SUPPLIED DATA
======

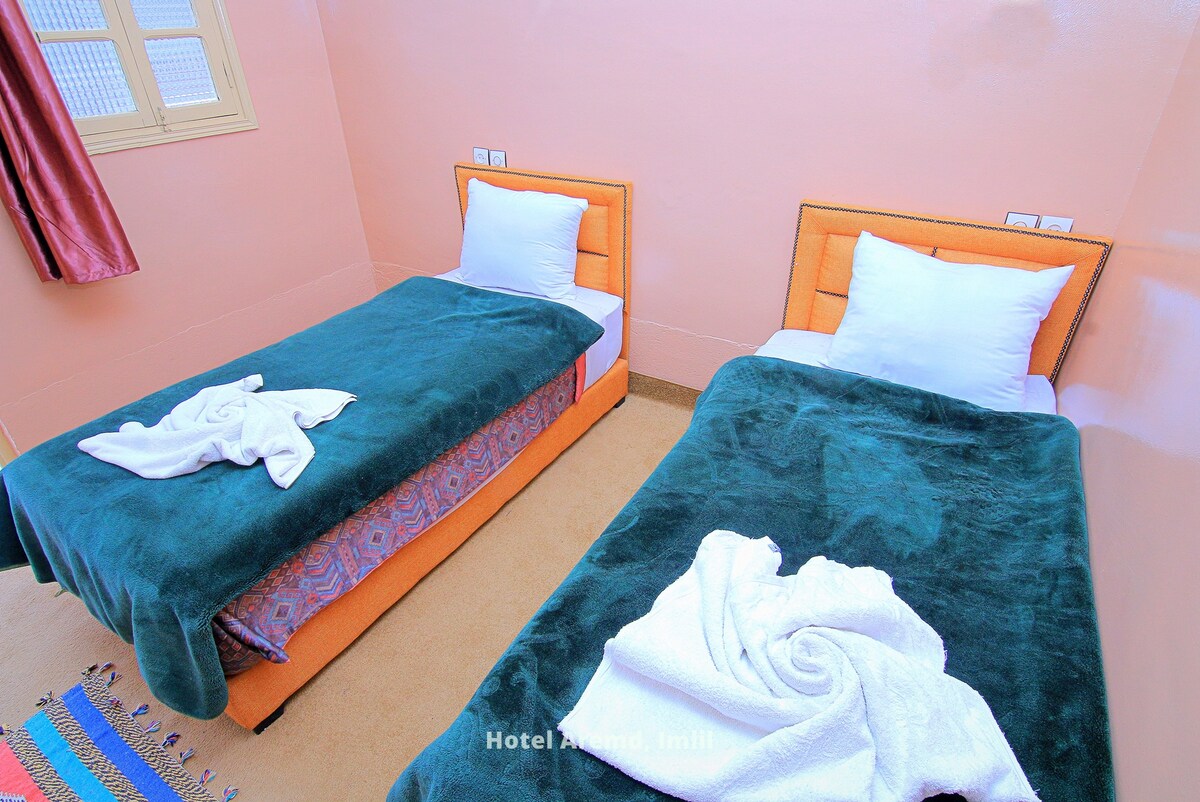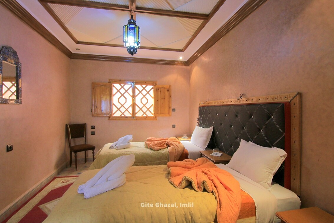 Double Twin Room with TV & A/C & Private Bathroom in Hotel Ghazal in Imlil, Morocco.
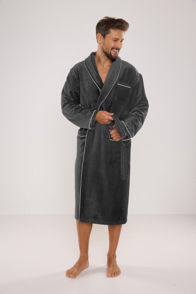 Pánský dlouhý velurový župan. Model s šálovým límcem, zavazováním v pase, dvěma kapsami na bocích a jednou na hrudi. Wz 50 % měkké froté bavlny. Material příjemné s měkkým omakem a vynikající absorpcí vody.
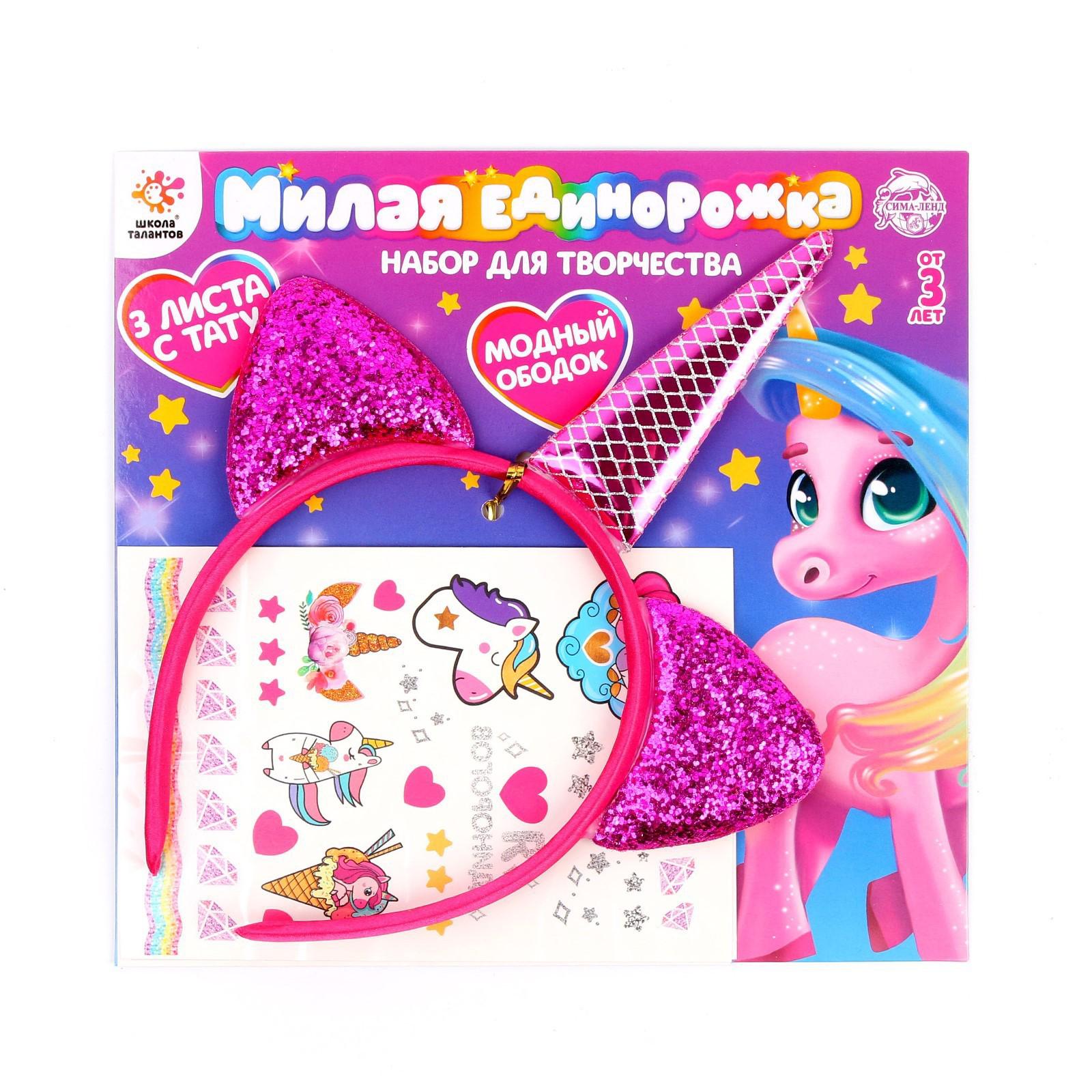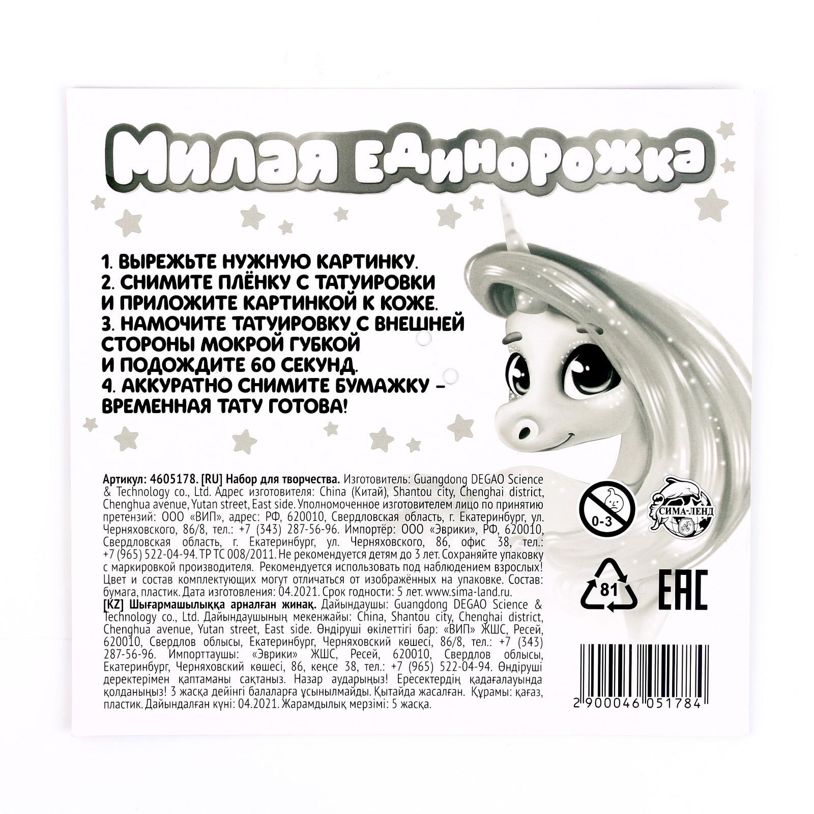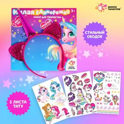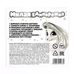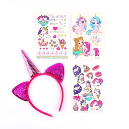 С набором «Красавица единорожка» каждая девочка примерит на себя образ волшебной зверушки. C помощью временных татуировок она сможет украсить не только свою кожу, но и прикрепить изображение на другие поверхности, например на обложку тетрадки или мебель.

======

EXERCISE INSTRUCTIONS
Every line above should be transcribed word for word; leave the pictures out.

RESULT FOR THIS EXERCISE
 Double Twin Room with TV & A/C & Private Bathroom in Hotel Ghazal in Imlil, Morocco.
 Pánský dlouhý velurový župan. Model s šálovým límcem, zavazováním v pase, dvěma kapsami na bocích a jednou na hrudi. Wz 50 % měkké froté bavlny. Material příjemné s měkkým omakem a vynikající absorpcí vody.
 С набором «Красавица единорожка» каждая девочка примерит на себя образ волшебной зверушки. C помощью временных татуировок она сможет украсить не только свою кожу, но и прикрепить изображение на другие поверхности, например на обложку тетрадки или мебель.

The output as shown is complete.